Writers, both newbies and established, are frequently taken in by scams and those out to just plain take advantage.  Preditors And Editors provides the knowledge to move forward with confidence.  They advise the writer (under warnings section) on who in the industry is trustworthy as well as who might not be.  Lots of other info as well.

Tuesday, July 6, 2010

The Collaboration of Writers

So you write, you're full of ideas, but you think a collaborator might well be of great benefit to you both.  So, then the question becomes, how do I find a good collaborator to work with and what do I  need to consider in advance? How can I ensure my tree rises above the forest?

Well, first you have to realize collaboration can be a fantastic experience.  I collaborated a time or two and each was a great experience.  However, it can also turn into a nightmare if you haven't found someone who compliments your abilities.

The key to a good relationship is to set up some ground rules before either of you put any words on paper (or computer screen).  On one collaboration I provided the bare bones story idea up front.  He had suggestions for major changes.  We batted them back and forth, then I wrote a scene - sent it to him via email.  He made changes and sent it back. We went back and forth until both were satisfied and it worked well.  Another time I collaborated with the other person providing stories of ghost hunting which I did most of the writing on, turning them into readable and adding description to make it more visual - then checking with him to be sure it read as he wanted it to.  That too, worked well.

So, for starters you have to  make sure you share the same goals for a project. Do you both want to  make big bucks? Do you both want to help the world?  Do you both want to just entertain? Think about that.  If one wants one and the other the opposite you're going to run into trouble fast.

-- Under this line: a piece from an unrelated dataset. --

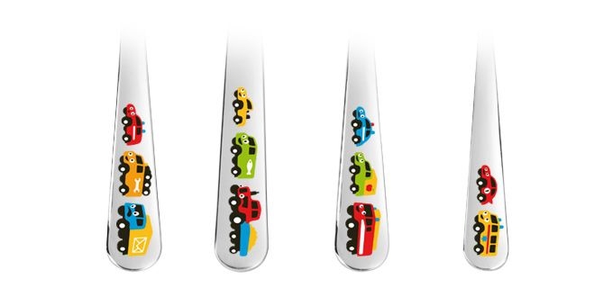Souprava dětských nerezových příborů Bambini s motivem Autíček. Celý popis >

Decide whether you're compatible.  By that I mean if one of you is fast off the mark and the other is a procrastinator you're going to clash. don't worry if you have different backgrounds or political views or religion.The important part is whether you can be professional, set your personal differences aside, and work off each others' strengths to create something great.

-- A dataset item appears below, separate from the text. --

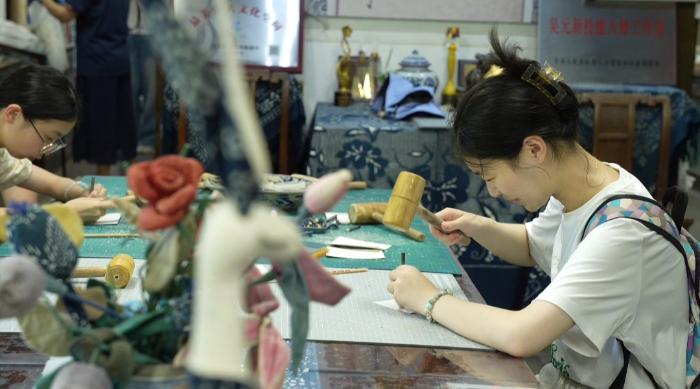 在南通藍印花布博物館,經工作人員指導,隊員們親身體驗了制作花版、刮漿、染色、晾曬、刮去防染粉的全過程。當藍底白花的紋樣最終“破繭而出”時,隊員們深刻感受到傳統工藝的魅力。博物館的建立與體驗課程的開設,是藍印花布從染坊走向大眾、實現活態傳承的重要舉措,有效促進了公眾對這項非遺文化的了解和認同。

Realize that a division of labor doesn't always mean writing is split 50/50.  Sometimes one does more of the writing, the other more of the idea production and research, then it bounces back to who's best at editing. Talk about your strengths and weaknesses. Don't be shy and don't hold back.  Unrecognized weakness can cause real problems.  Unrecognized strengths can hold a project back if they're not being utilized. Optimize  your publishing success by being frank and up front with each other - then following through on what your share of the project is.

Oh, and think about promotion early on.  Is one of you a relaxed public speaker and the other not? Can one compose great sales copy and the other not so good?  Can one create a great website? All important questions (and there are more to consider) to get resolved ahead of time and it's not a bad idea to write down what each one is going to be responsible for.

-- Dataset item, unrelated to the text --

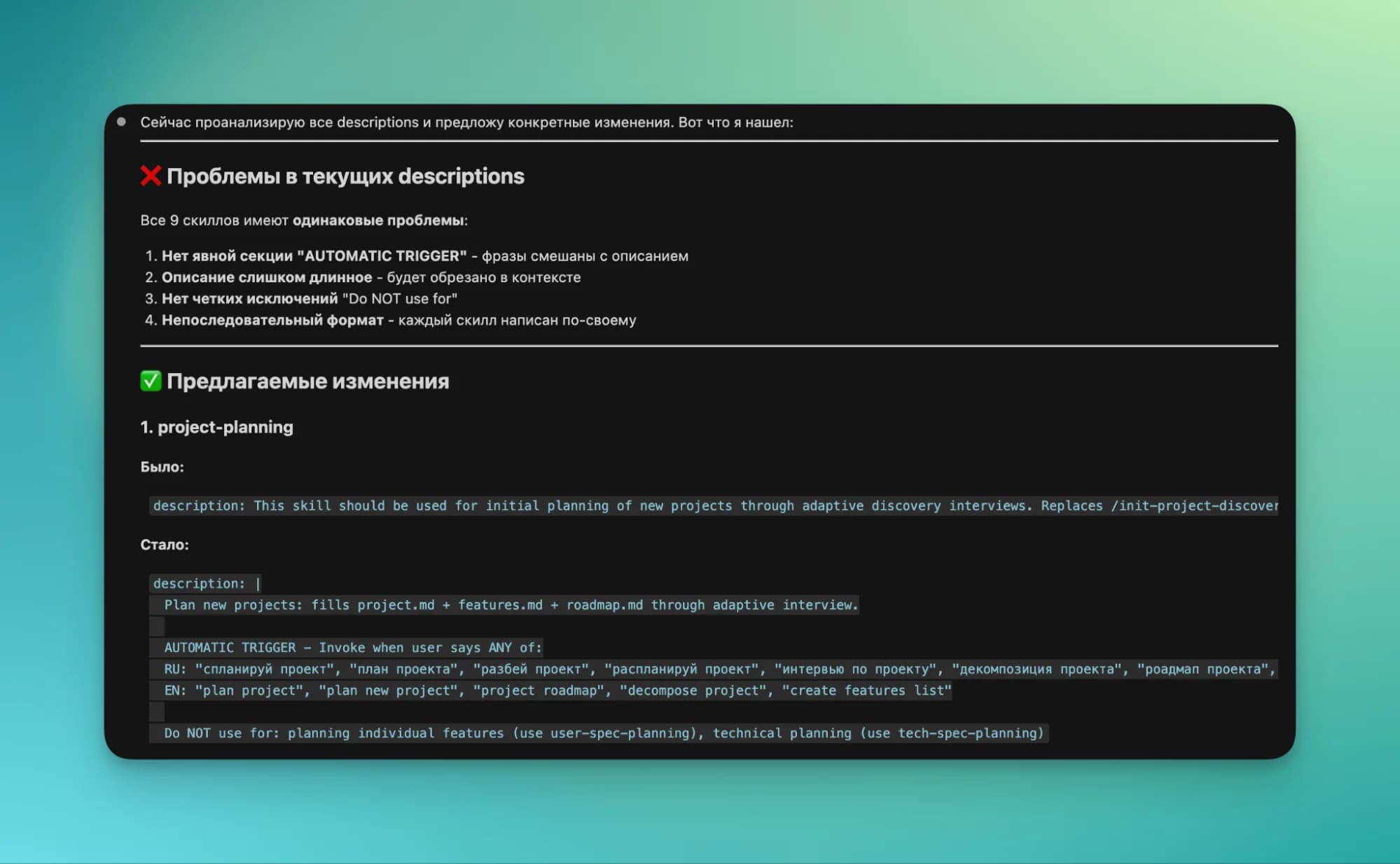 Повторюсь. Планирование — это критически важный шаг. Если вы не разработчик, вы просто не поймете, что сделала нейронка, насколько это адекватно, не сломала ли она что-то в процессе. А план можно разжевать максимально подробно, понять и согласовать все решения, увидеть потенциальные проблемы и так далее.

Be sure to have a bare-bones contract or letter of agreement between you and signed by both. It makes the whole thing feel more professional and spells out what is expected from each of you so there can be no statements such as, "but you said you'd...." and accusations of not carrying through.

No matter how professional, how friendly you are, there's going to be some level of conflict between you when co-authoring. Egos get bruised, anger can rise. It's a good idea to have some form of conflict resolution agreed to before you begin.  You might decide to designate one of you as 'lead author' on the project and after discussion, the final decision falls to that person.  Or you might designate an outside 'third' party to be available to help settle disputes. Or maybe you'd just like to settle an issue by pulling straws or drawing for high card.  Whatever it is, have it in place from the get go.

Working things out in advance is your best tool to use in co-authoring a book. A brainstorming session before you firm up the co-authoring gig is a great idea.  See how you might work together, how ideas bounce between you.  Work seriously, but have fun with it.  Keep your sense of humor and collaborating can be one of the best experiences of your writing life.